2. Transformation Calculation

The next step is to figure out what type of marker this is, and what its orientation is. Because there might be multiple markers in a scene, the black and white squares on the inside of the blue border give information on what type of marker it is.

Using the bounding quadrilateral of the marker, we can calculate where we expect the squares to be. To do this, we need to calculate the transformation between the basis of the picture (i.e., with the origin at the top-left pixel, x-axis as the top row of pixels, and y-axis as the left row of pixels) and the basis of the scene. For reading the squares, it’s convenient to set the origin of the scene at the center of the marker, choose x and y axes arbitrarily, and set the length of each square to 1 unit.

It’s apparent that the sides of the marker aren’t parallel lines in the image, even though they are parallel in real life. Because the camera is a perspective camera, we need to use a perspective transformation (in which parallelism isn’t preserved). In order to calculate this type of transformation, we need to know the coordinates of four points in each basis. Conveniently, our quadrilateral bounding the marker has four points which we know the image coordinates of, and we know the real-life position of the marker’s corners relative to its center as well.

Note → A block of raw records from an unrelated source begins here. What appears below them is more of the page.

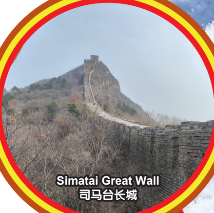
Simatai Great Wall 司马台长城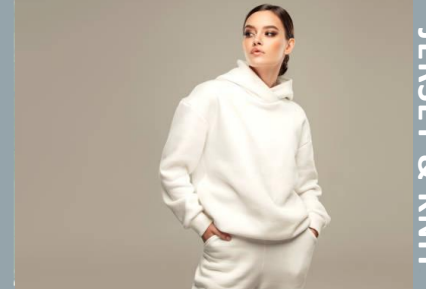
JERSEY & KNIT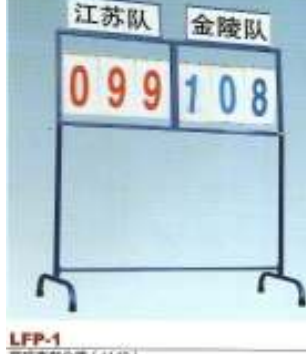
LFP-1 篮球赛记分牌 (1140) Turning Scoreboard For Basketball Match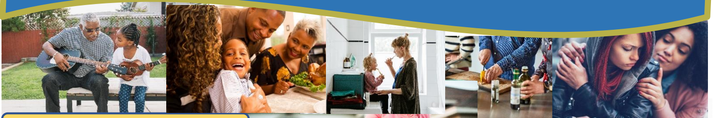
For grandparents raising grandchildren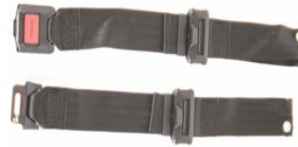
NSW090018 Lap belt with buckle, metal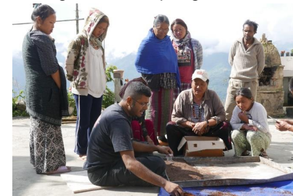
Fig 3: Example of one alumnus in Assam (India) organizing a workshop about seed sovereignty

Acknowledgements: We would like to thank Mercator for the financial support of the project and the World Food System Center Executive Office for their support and advice. From the board-members we send our thanks to all the alumni to keep the motivation on learning from each other.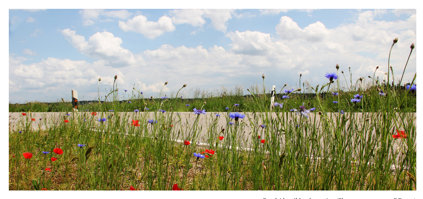
Roadside wild red poppies.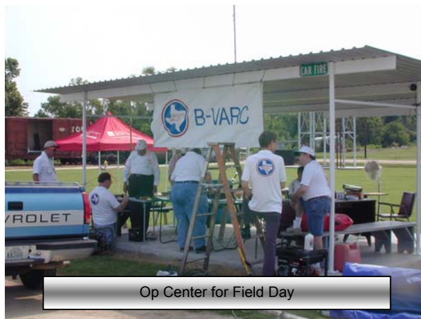
Op Center for Field Day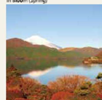
Fall Leaves and Mt. Fuji (Autumn)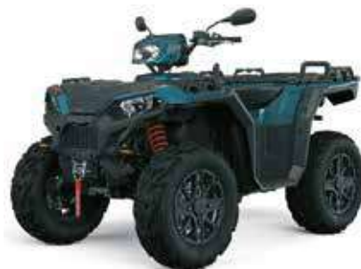
SPORTSMAN XP 1000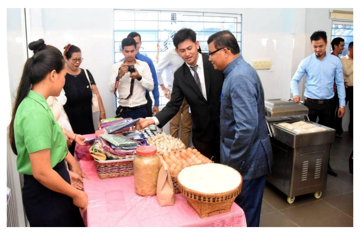
Students\ displaying\ produce\ and\ textiles\ produced\ at\ Phnom\ Voah\ Agricultural\ Farm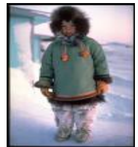
Fig. 3: An Eskimo

The Polar Regions are found near the North Pole and South Pole, between 60^{\circ} and 90^{\circ} latitude. The area that surrounds the South Pole is known as Antarctica, while the area that surrounds the North Pole is the Arctic Circle. The Antarctic is a landmass (a continent in its own right) but one that is buried in ice, sometimes miles deep. It is the coldest place on Earth. The Arctic is slightly warmer than Antarctica, but unlike Antarctica it has no land. Instead the Arctic is a sea of ice, most of which never melts. Greenland, North America and Siberia (in Northern Russia) are the nearest concrete land to the Arctic. On the map the polar areas are white or purple.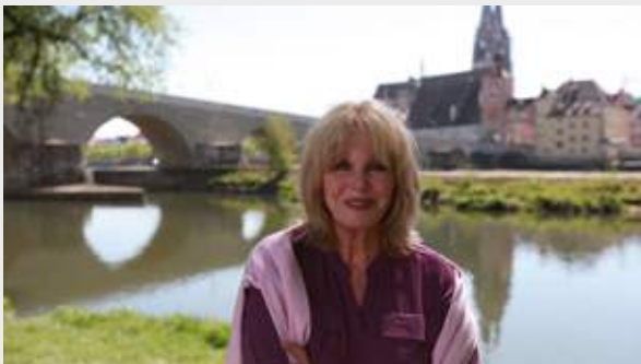
Joanna Lumley's Danube Friday, 9pm 23rd May ITV1

Seven players are left standing to take on the next Main Match of Safari Race - in this game, the contestants must back the winning animals in a race to gain points. As they realise they must play a social and strategic game, who will thrive and who will perish?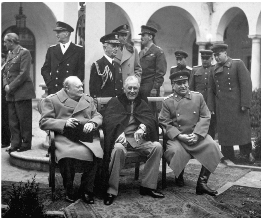
Winston Churchill, Franklin D. Roosevelt, and Joseph Stalin at the Yalta Conference

that Roosevelt's treatment of Poland as a relatively low priority influenced the Truman administration's foreign policy. Then I discuss Poland's first applications to the US State Department and the Export-Import Bank in 1945 and 1946 while describing the simultaneous deterioration of Polish-American relations due in part to the Polish nationalization of property. In this section I also show how the Polish balance of payments data from this time period supports the Polish argument that Poland needed a large American loan to restart its economy. In my fourth and fifth chapters I analyze Poland's application to the World Bank in 1947 and the US government's support for the German coal industry, a decision that finalized the close of the Polish debate for the US government and American lending institutions.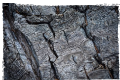
ROUGH BARK 10 POINTS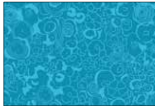
VERA 231 T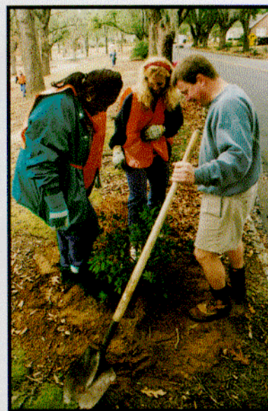
PLANTING NEW LIFE: With neighborhood residents, the hospital is working to beautify and improve an inner-city area.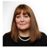
Deputy Convener Ruth Maguire Scottish National Party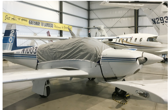
Mooney 201 Travel Cover, Light Weight Travel Canopy Cover, 5 Lbs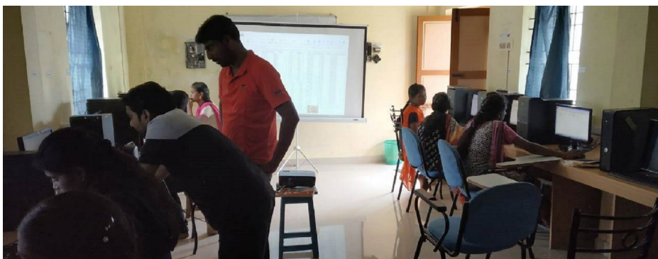
BNY STEPS programme in progress

Volunteers from BNY Mellon conduct a Special Training programme - BNY STEPS on every Sunday for Sevalaya alumni who are in final year undergraduate course and those who have completed under graduation and are searching for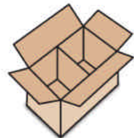
RSC Case with Internal Divider

With the necessity to address a growing demand from smaller retail outlets and/or an increased demand for higher end products, the "standard" case size is now evolving into a smaller variation approxi-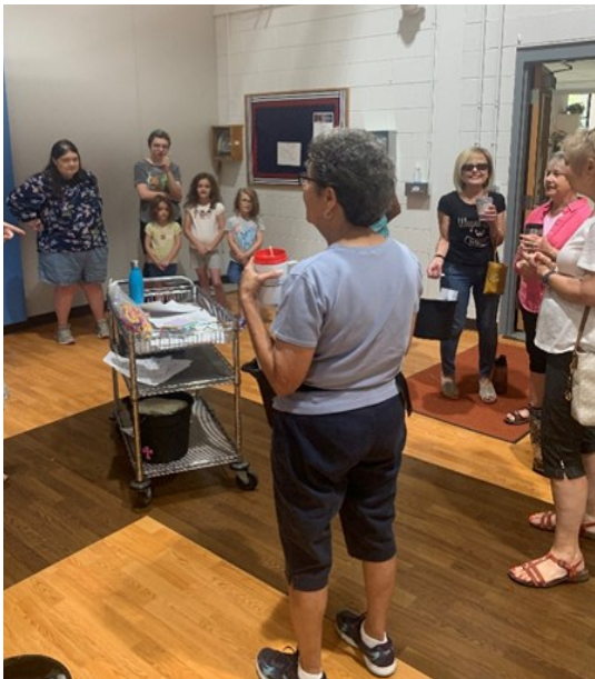
Left: Volunteers 1: Monday morning plan of action. Our volunteers showed up ready to get to it, and get to it they did!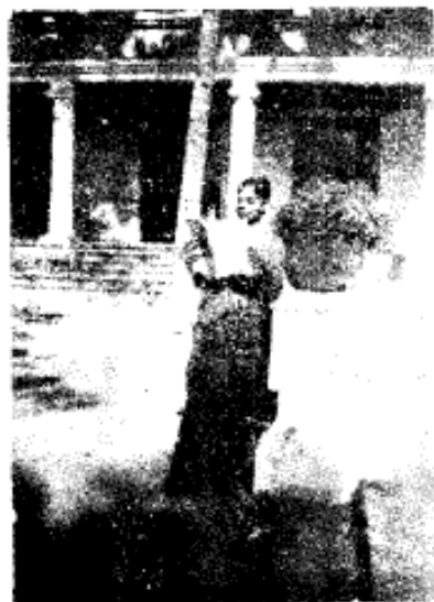
The Geographic Magazine from America is the delight of every student.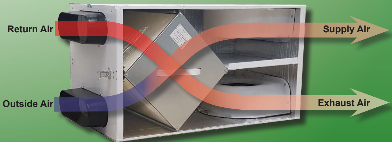
HEX390 Heat Exchange unit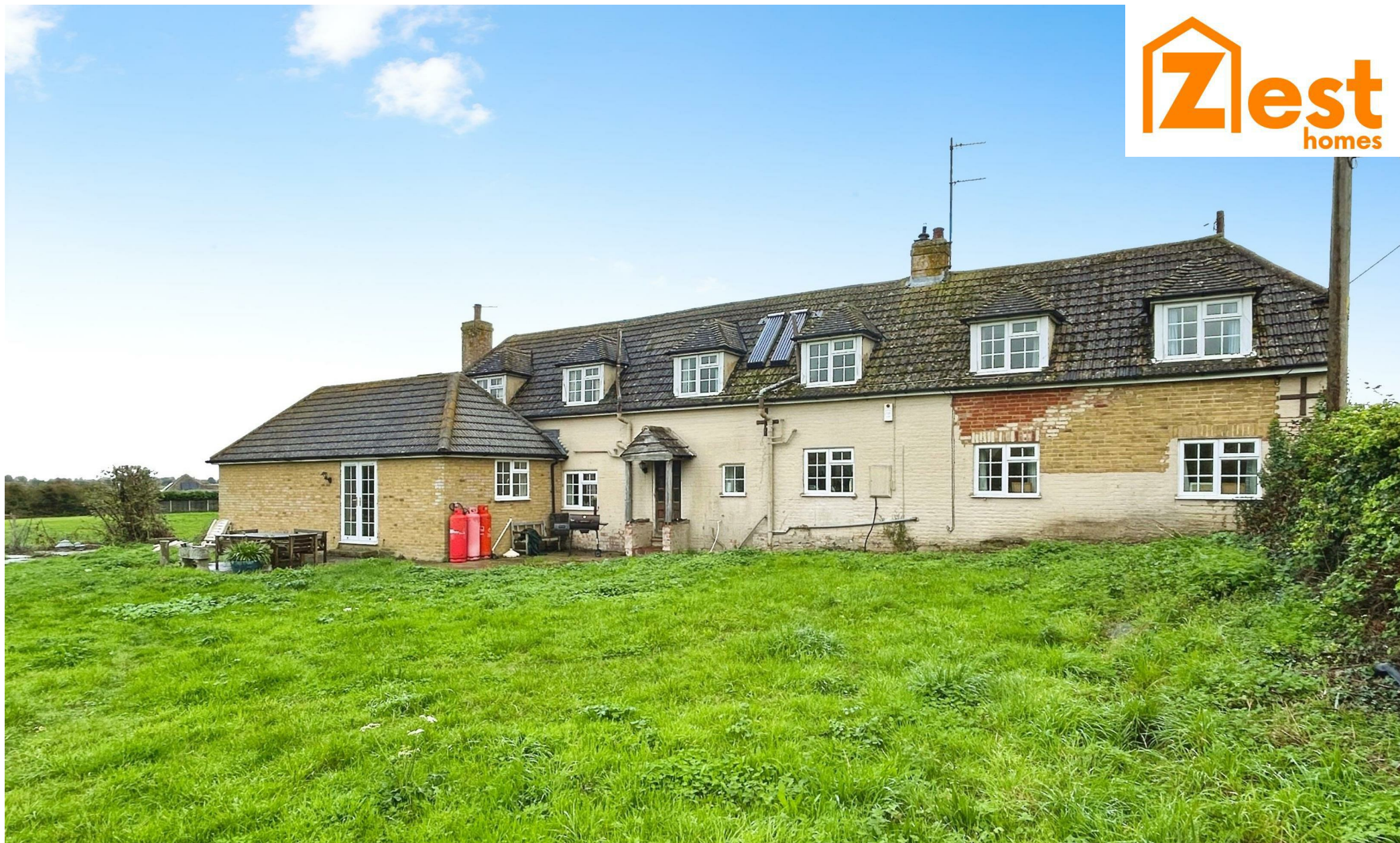
Animal Farm Mill Road, Canterbury, CT3 1LB £950,000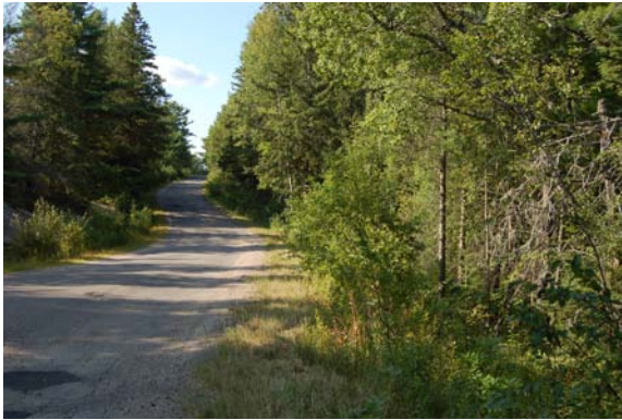
Plate 29: View north along Bonnell Road. ROW is disturbed; no potential. Forest on either side of ROW requires Stage 2 test-pit survey.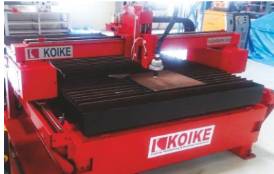
FLEXGRAPH-1530 CNC Plasma Cutting Machine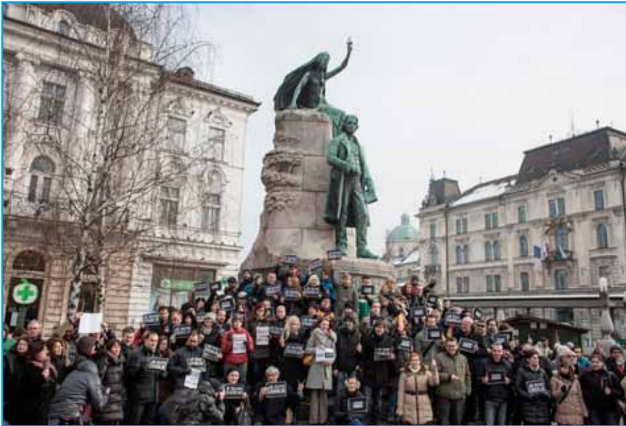
About 200 people, mostly journalists and politicians, turned up for the rally in the capital city, which, like the event in Maribor, was organized by the Slovenian Association of Journalists .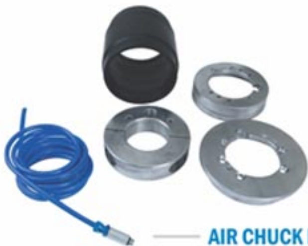
AIR CHUCK PARTS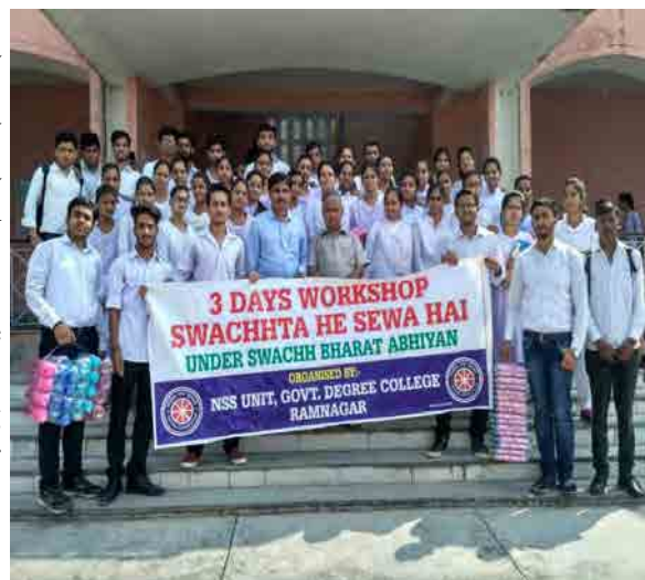
Students participating at NSS workshop

In order to compute a perspective transformation, we need a new coordinate system. Consider a point which appears on the horizon: it would be mapped an infinitely far distance away. Representing this isn’t possible with only X and Y coordinates, so we need a third coordinate.

The solution is a system known as homogeneous coordinates. To map our existing cartesian coordinates to homogeneous ones, we just include a 1 as the third coordinate. To map them back to cartesian coordinates, divide the X and Y coordinates by the third coordinate. This solves our horizon-point problem: Points with a third coordinate of 0 will have no defined equivalent cartesian coordinate.

(While the system is operating normally, points on the horizon line shouldn’t ever actually be visible. Despite this, we still need to consider it in order to define the perspective transformation.)

Using our new homogenous coordinates, we can calculate a transformation matrix which transforms coordinates in the picture to coordinates in real life (and invert that matrix to go the other way).

3. Marker Identification

Because we know the real-life coordinates of the corners of each square, we can use the transformation matrix to map them to coordinates of pixels in the picture. The yellow grid in the image shows where the squares are expected to be.

At least one square is guaranteed to be each color. In order to compensate for varying lighting conditions, the system identifies the darkest and lightest squares, and then compares the lightness of the other squares to determine if they are colored black or white. On the left of the image, the grey square is the average lightness of the darkest square on the marker, and the white square is the average lightness of the lightest square on the marker.

No pattern of squares is rotationally symmetrical, so the orientation of the pattern can be used to determine the orientation of the marker. The system can now draw the position and orientation of the marker over the camera feed.

4. Global Reference

I’ve added a few new markers into the scene. These markers have a different code on them: one black square and three white squares. I’ve also placed down a ruler for scale.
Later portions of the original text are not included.